MSAS intake questions to assess CSR and potential NAR status. All questions based on a 5-point Likert scale with higher scores indicative of increased frequency (0 = never, 1 = rarely, 2 = occasionally, 3 = frequently, 4 = always); minimal cutoff scores reflect symptom frequency of occasional or greater. aTotal possible CSR score = 20, with a minimum total score ≥6 qualifying patient as CSR+. bTotal possible NAR score = 12, with a minimum total score ≥4 qualifying patient as NAR+
An important caveat must be noted; no attempt was made to definitively establish specific conditions or mixed rhinitides in these patients, which would have required a much more extensive evaluation as is standard in the field of allergy and immunology (e.g., environmental exposure chamber, nasal anatomy examination, skin testing, etc.) [20, 4, 5]. Rather, we focused on those individuals with clinically relevant, self-reported congestion as well as reports of potential nonallergic rhinitis triggers, occurring on an occasional to frequent basis. Thus, in all probability, our study is most likely evaluating a broad range of rhinitides (i.e., mixed rhinitis), but because our patients reported on three weather-induced symptoms, we labeled them as potential nonallergic rhinitis cases for the purposes of this report. Due to our focus on weather-related triggers, positive NAR cases may be particularly reflective of the condition known as vasomotor rhinitis.
Last, three validated questionnaires were completed: Insomnia Severity Index (ISI) [21], Epworth Sleepiness Scale (ESS) [22], and depression and anxiety scales from the Hopkins Symptom Checklist (HSCL) [23].
Objective measures
Diagnostic sleep studies (polysomnography) were conducted and scored per American Academy of Sleep Medicine practice parameters [24]. The apnea-hypopnea index (AHI = apneas + hypopneas per hour of sleep) and the respiratory disturbance index (RDI = AHI + respiratory effort-related arousals—aka RERAs—per hour of sleep) were calculated from diagnostic PSGs [25]. Diagnostic studies from our sleep center were used exclusively in this research due to considerable variability on other sleep facilities’ reports regarding the use of standard technology (thermistors emphasized over nasal cannula pressure transducer, leading to underestimation of hypopneas) and scoring methods (lack of RERA scoring and thus inaccurate or absent RDI calculations) [26].
Sample and data analysis
A total of 2770 patients sought care from 2008 to 2012. Exclusions comprised 112 patients under the age of 18 along with 777 patients with CSR scores <6, leaving 1881 patients who reported clinical meaningful levels of nasal symptoms. However, 178 of the 1881 CSR+ patients were users of positive airway pressure (PAP) (a device which may aggravate NAR) at intake and were excluded from our analysis, resulting in a final sample of 1703 patients.

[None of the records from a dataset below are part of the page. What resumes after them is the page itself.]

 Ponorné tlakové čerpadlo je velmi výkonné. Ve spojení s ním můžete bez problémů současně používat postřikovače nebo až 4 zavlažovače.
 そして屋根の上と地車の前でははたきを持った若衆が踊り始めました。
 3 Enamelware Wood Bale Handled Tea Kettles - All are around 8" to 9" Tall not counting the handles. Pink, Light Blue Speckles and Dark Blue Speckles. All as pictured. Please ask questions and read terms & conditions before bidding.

These 1703 patients were predominantly married (72.7 %), middle aged [52.79 (14.06) years], mildly obese [31.40 (20.73)], females (55.2 %) with some college education or less (54.0 %). No significant differences were observed for socio-demographics based on NAR group status; thus, no further analyses were conducted.

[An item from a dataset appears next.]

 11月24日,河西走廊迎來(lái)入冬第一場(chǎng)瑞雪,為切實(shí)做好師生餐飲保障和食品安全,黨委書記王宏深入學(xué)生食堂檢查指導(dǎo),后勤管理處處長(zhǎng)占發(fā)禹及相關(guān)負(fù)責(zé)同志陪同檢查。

ANOVA was used to compare means for continuous variables and Hedge’s g for effects for unequal sample sizes. Effect sizes are based on the standardized mean difference and thus are usually interpreted as a clinical indicator of small (0.20), medium (0.50), or large (0.80 or greater) effects. The 95 % confidence interval (95 % CI) was calculated. Chi-square analyses were conducted on dichotomous variables. All continuous data are presented as mean (standard deviation). All dichotomous data are presented as total number (percent). Statistical significance was .05. Data were analyzed with SPSS Software, Version 11.0.
Results
Among the 1703 CSR+ patients, there were 1194 potential NAR+ [NAR score = 7.08 (1.93)] and 509 NAR− patients [NAR score = 2.32 (1.56)]; thus, NAR+ status was present in 44.9 % (1194 of 2658) of the original sample of adult patients seeking treatment at the sleep center and 70.1 % (1194 of 1703) of those patients with clinically relevant congestion. Comparisons by NAR status showed significantly worse sleepiness (g = 0.35; 95 % CI, 0.25–0.46), insomnia severity (g = 0.16; 95 % CI, 0.05–0.26), anxiety (g = 0.20; 95 % CI, 0.09–0.30), and depression (g = 0.15; 95 % CI, 0.05–0.26) in NAR+ vs NAR− patients, but effects were small.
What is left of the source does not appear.